Gestational diabetes is one of the most common health problems in pregnant women. If a woman has no previous history of diabetes, but she develops it during her pregnancy, she’s said to have gestational diabetes.

What does this mean?

Normally, human pancreas produces insulin, a hormone that breaks down glucose in the blood stream. During pregnancy, insulin levels drop, or due to the effects of certain pregnancy hormones, the body might not respond to insulin. Hence, blood glucose levels rise, causing Gestational Diabetes (GD).

Around 3-10% of pregnant women develop gestational diabetes worldwide. In India, it’s found in up to 21% of pregnancies.

Should I be worried?

Around 60% of pregnant women diagnosed with gestational diabetes appear healthy.

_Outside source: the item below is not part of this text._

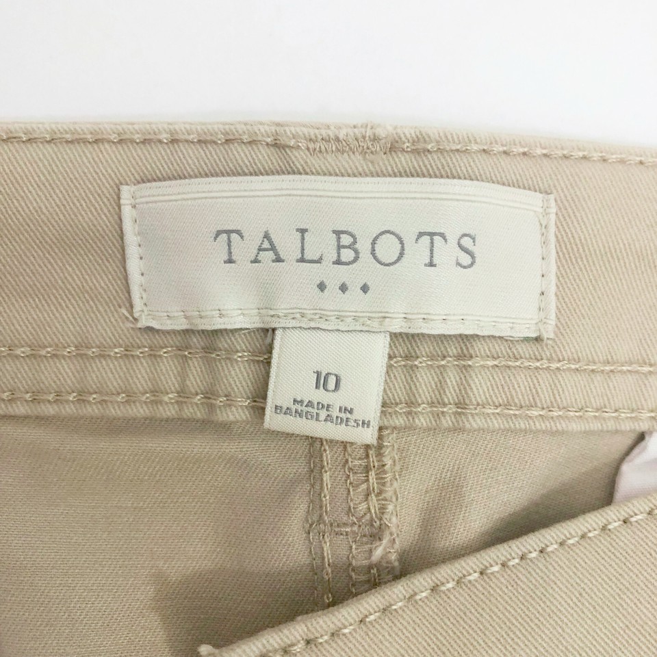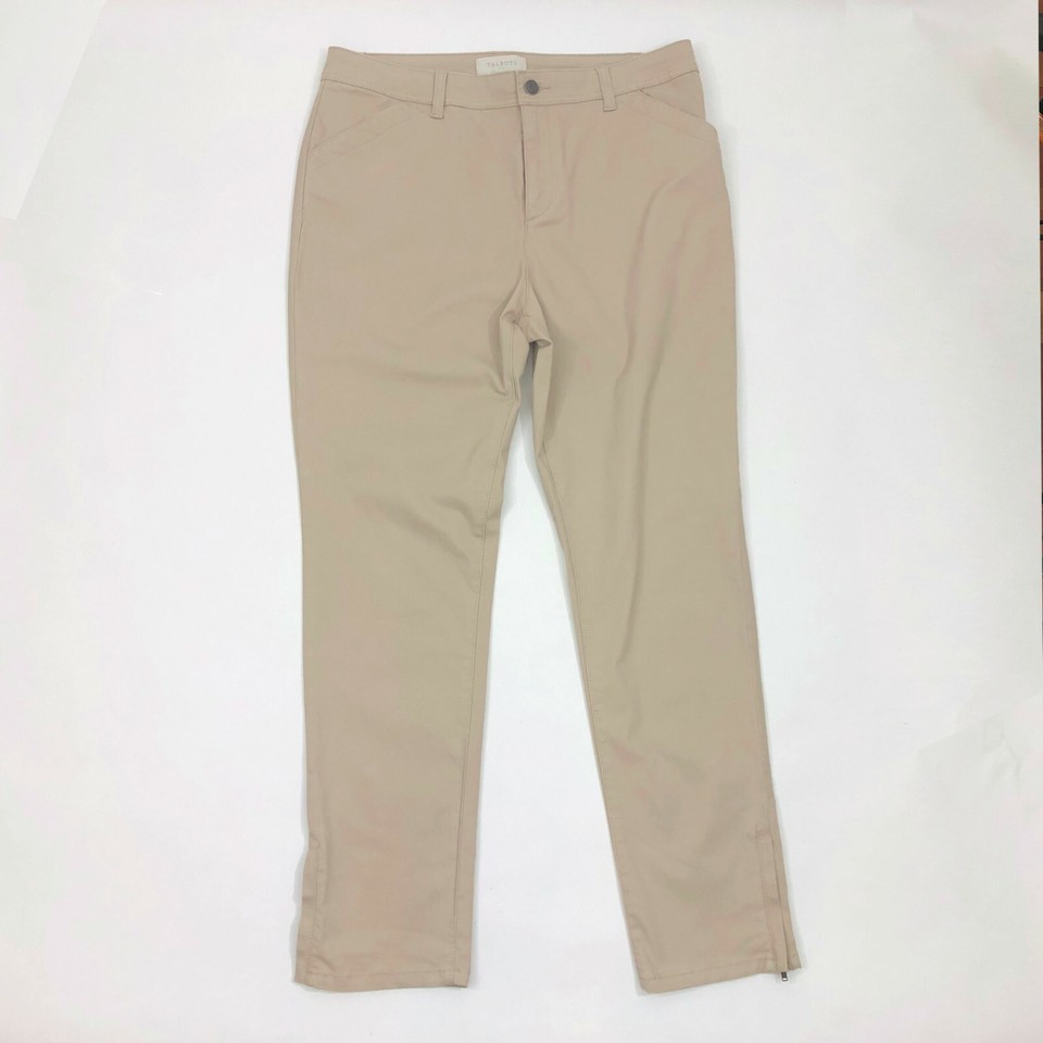 Make Us An Offer EUC, Excellent Used Condition. Talbots pants in a comfortable cotton Spandex blend. There are 4 pockets 2 slit pockets plus you have 2 back hip pockets. The back hip pockets still have the original stitching keeping them closed. Easy to remove. The ankles have zippers on them. No rips, stains or tears. Classic style Beige Khaki color Made in Bangladesh Cotton Spandex blend US size 10 Machine wash cold gentle cycle tumble dry low Waist 16.5 inches Rise 12.5 inches inseam 26.75 inches Knee width 7.5 inches Total length 36 inches Across the hips 19.5 inches Across the ankle 7 inches Please check out the measurements picture SKU BB-1-5-2-036

However, medical associations have laid down certain risk factors that might increase the chances of developing GD in an expectant mother.

You may be at risk if

  • You are overweight/obese
  • Sugar is reported in your urine test.
  • You have had gestational diabetes earlier or have a family history of diabetes.
  • You are above 35 years of age.
  • You have had still birth earlier.
  • You have given birth to large babies (weighing between 8 to 9 pounds) earlier.
  • You smoke or you have high blood pressure.

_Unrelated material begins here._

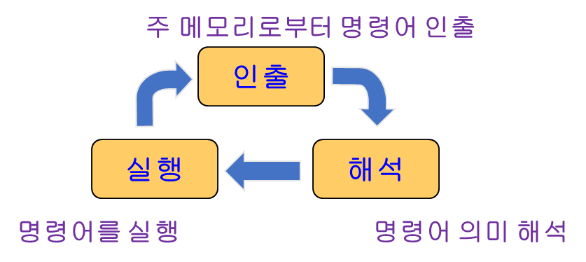 - CPU의 인출-해석-실행(fetch-decode-execute) 주기 반복

Indian women and Asian women in general, are found to be at higher risk for gestational diabetes.

When can GD be diagnosed

The condition has no obvious symptoms. So unless a glucose screening test is done, the doctor might not be able to point out whether you have it or not. Women, who are at high risk, are tested as early as at 16 weeks of pregnancy. However, usually your gynecologist would test you at around 24-28 weeks, followed by at 32-34 weeks of pregnancy. You are first tested for gestational diabetes through the glucose screening test, which if positive, has to be followed by a glucose tolerance test for confirmation of results.